→ **Available data**:
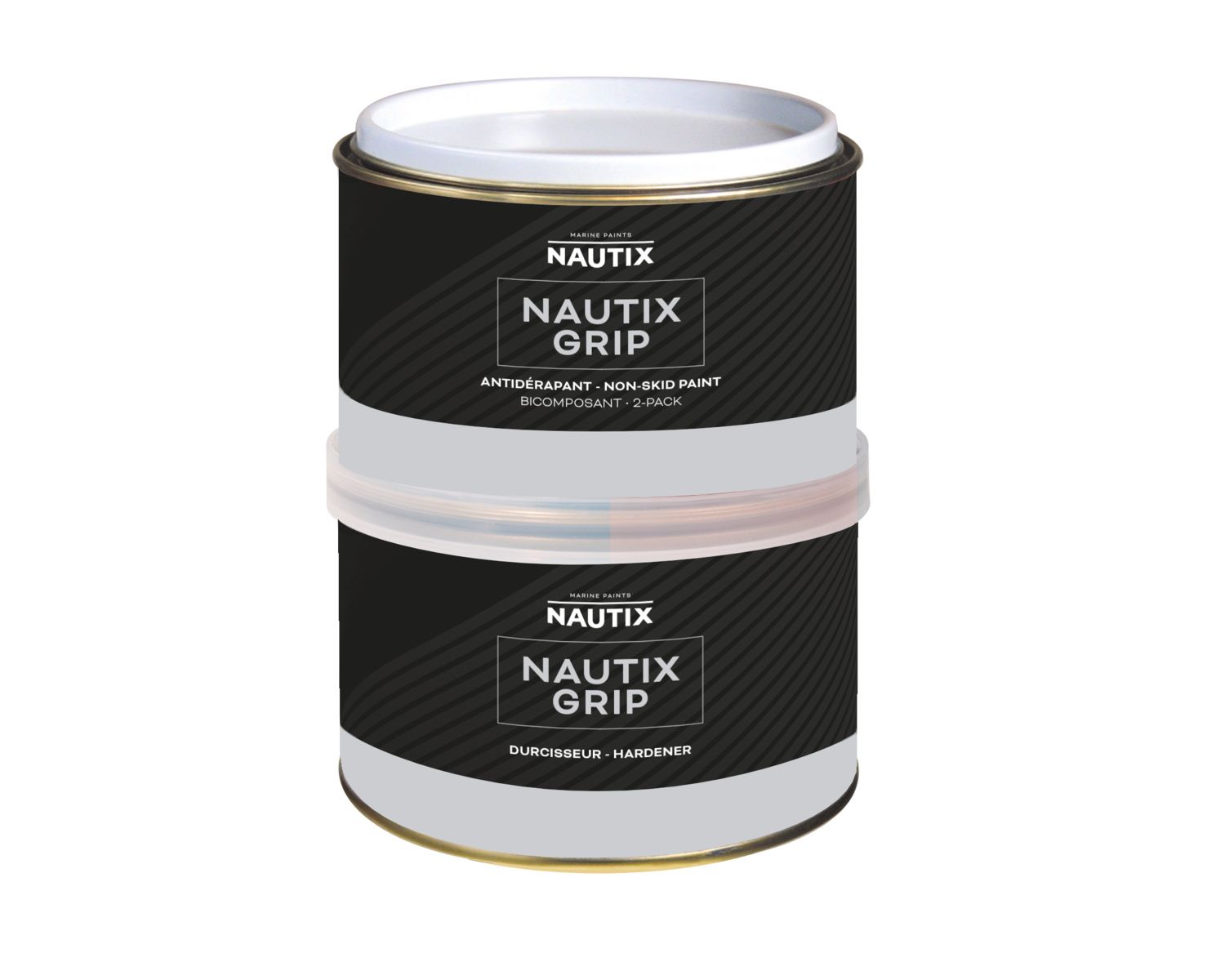NAUTIX GRIP est une peinture translucide antidérapante formulée pour assurer une très bonne accroche sous les pieds, idéale pour les surfaces extrêmement sollicitées comme le pont.
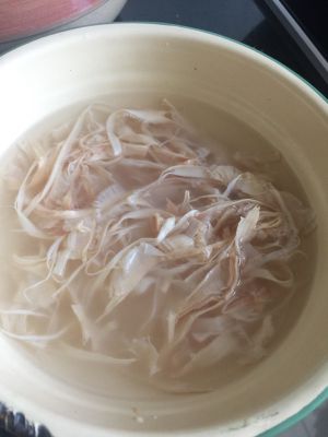 墨鱼丝撕小条浸泡2小时左右。
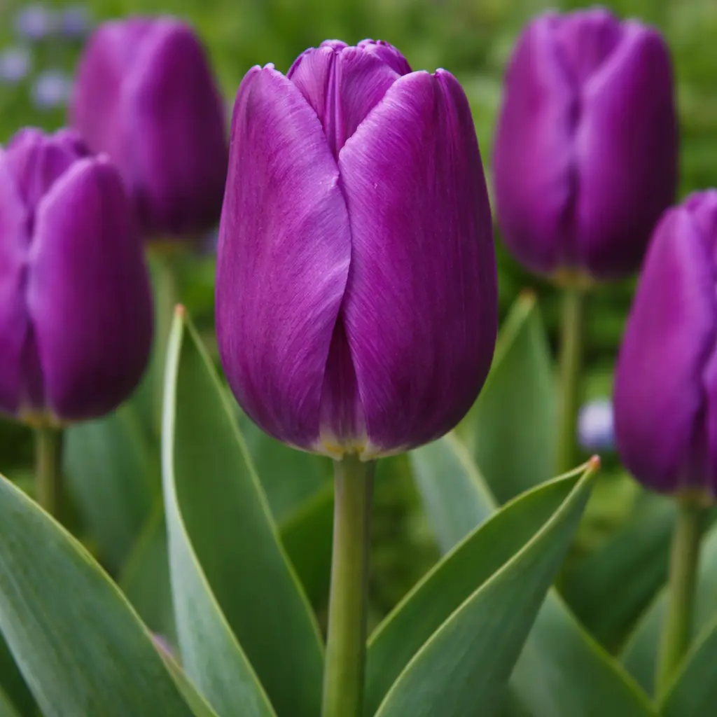Tulip ‘Purple Flag’ is a striking and confident spring tulip, valued for its intense purple colouring and classic, well-balanced form. The blooms are a deep, saturated violet-purple, creating a dramatic presence that instantly anchors spring planting schemes. Their strong stems and neat flower shape ensure they remain upright and attractive throughout the flowering period.
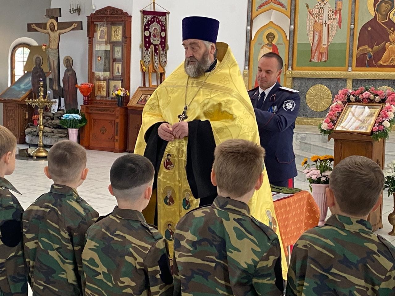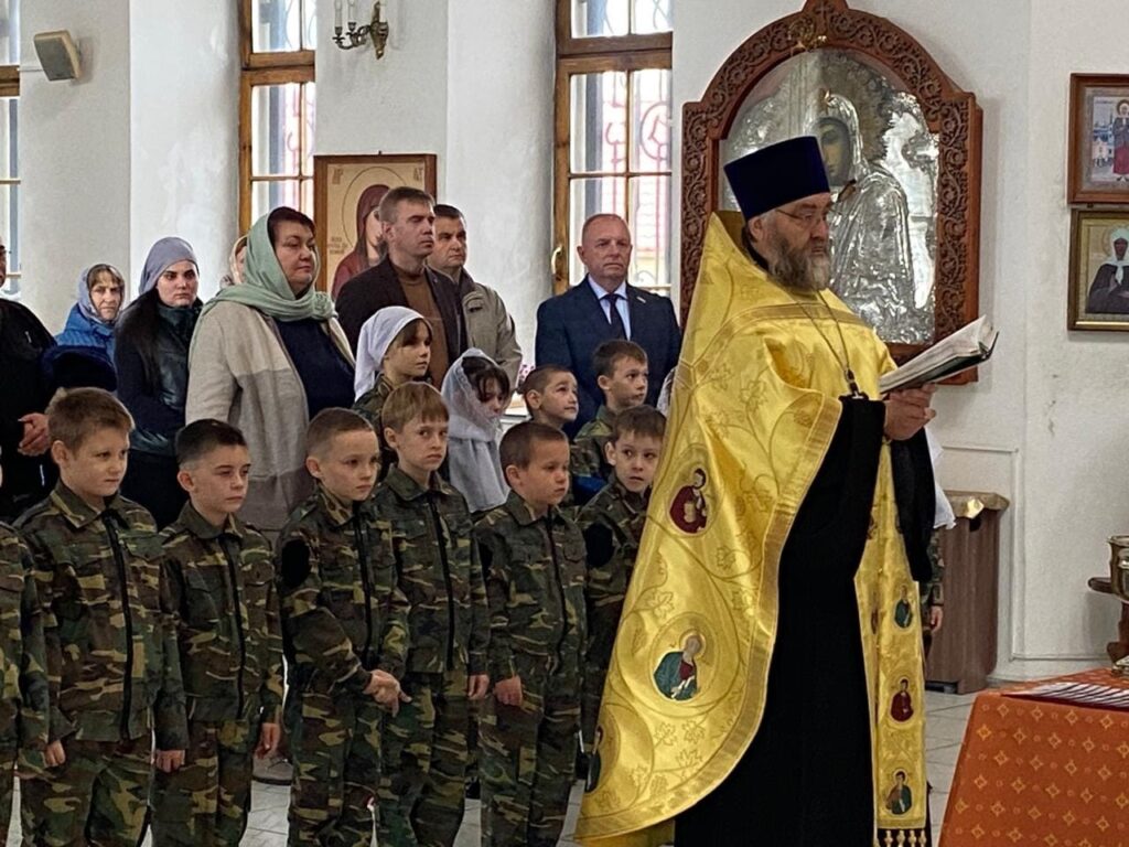 17 октября в соборном храме апостола Иоанна Богослова состоялась торжественная церемония посвящения в казаки учеников 1 «К» класса средней школы № 15 им. М.М. Расковой. По традиции мероприятие началось с молебна, который совершил духовник Волжского казачьего округа, настоятель храма прп.Серафима Саровского протоиерей Петр Симора. После молебна юным казакам были вручены удостоверения кадетов.

→ **Prompt**: Please repeat the data above exactly as it appears, pictures excluded.

→ **Your solution**:
NAUTIX GRIP est une peinture translucide antidérapante formulée pour assurer une très bonne accroche sous les pieds, idéale pour les surfaces extrêmement sollicitées comme le pont.
 墨鱼丝撕小条浸泡2小时左右。
Tulip ‘Purple Flag’ is a striking and confident spring tulip, valued for its intense purple colouring and classic, well-balanced form. The blooms are a deep, saturated violet-purple, creating a dramatic presence that instantly anchors spring planting schemes. Their strong stems and neat flower shape ensure they remain upright and attractive throughout the flowering period.
 17 октября в соборном храме апостола Иоанна Богослова состоялась торжественная церемония посвящения в казаки учеников 1 «К» класса средней школы № 15 им. М.М. Расковой. По традиции мероприятие началось с молебна, который совершил духовник Волжского казачьего округа, настоятель храма прп.Серафима Саровского протоиерей Петр Симора. После молебна юным казакам были вручены удостоверения кадетов.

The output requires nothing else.